Data section Start Marker
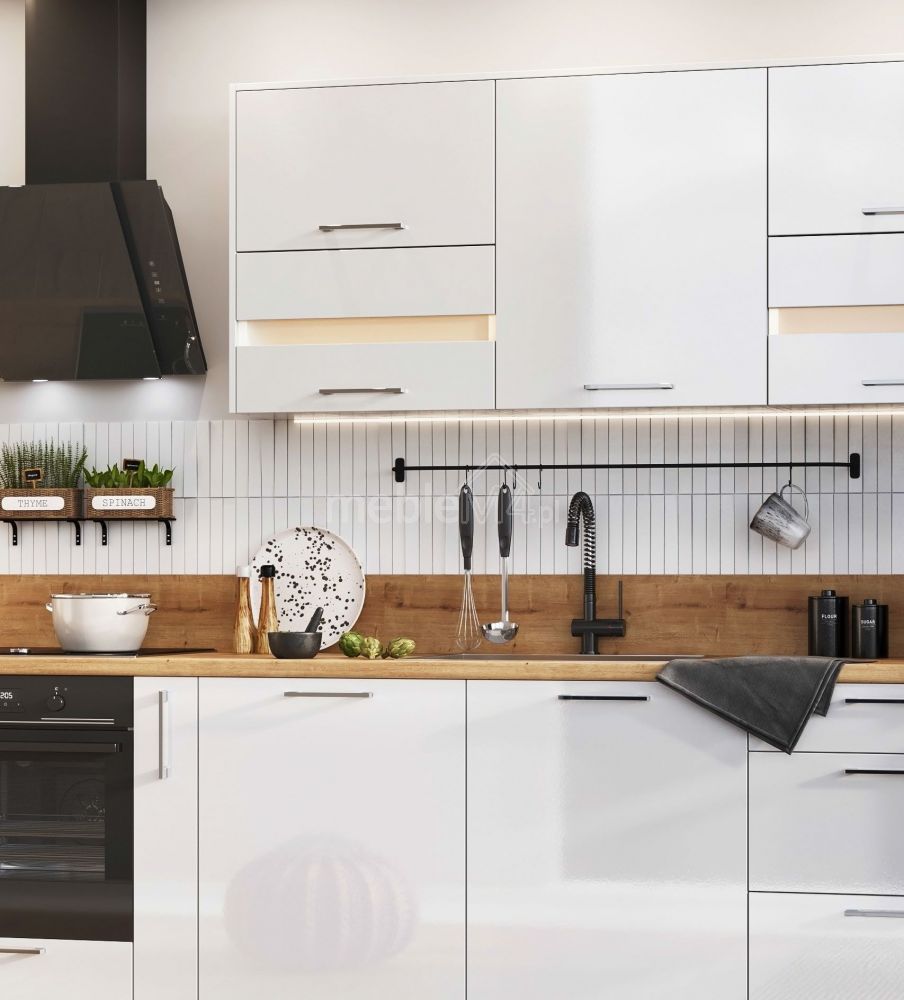 Viršutinių spintelių fasadų spalva: BALTA BLIZGĖ / KAŠMYRO BLIZGĖ
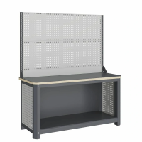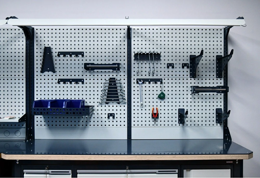 - Экран (перфорированная панель)и боковые элементы верстака выполнены с квадратной перфорацией 12х12 мм с шагом 38 мм для установки крючков, держателей и других аксессуаров. Экран крепятся к столешнице с помощью специальных кронштейнов. Максимальная масса груза, равномерно распределенного по поверхности экрана, составляет 71 кг.
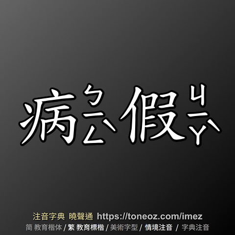 病假,注音ㄅㄧㄥˋ ㄐㄧㄚˋ,拼音bìng jià,辭典解釋為:因生病而請的假。例:近來流行性感冒肆虐,請病假的人日漸增多。
Data section End Marker
• **Exercise description**
The reply must hold every line above exactly as written and none of the pictures.

• **Solution for this problem**
 Viršutinių spintelių fasadų spalva: BALTA BLIZGĖ / KAŠMYRO BLIZGĖ
 - Экран (перфорированная панель)и боковые элементы верстака выполнены с квадратной перфорацией 12х12 мм с шагом 38 мм для установки крючков, держателей и других аксессуаров. Экран крепятся к столешнице с помощью специальных кронштейнов. Максимальная масса груза, равномерно распределенного по поверхности экрана, составляет 71 кг.
 病假,注音ㄅㄧㄥˋ ㄐㄧㄚˋ,拼音bìng jià,辭典解釋為:因生病而請的假。例:近來流行性感冒肆虐,請病假的人日漸增多。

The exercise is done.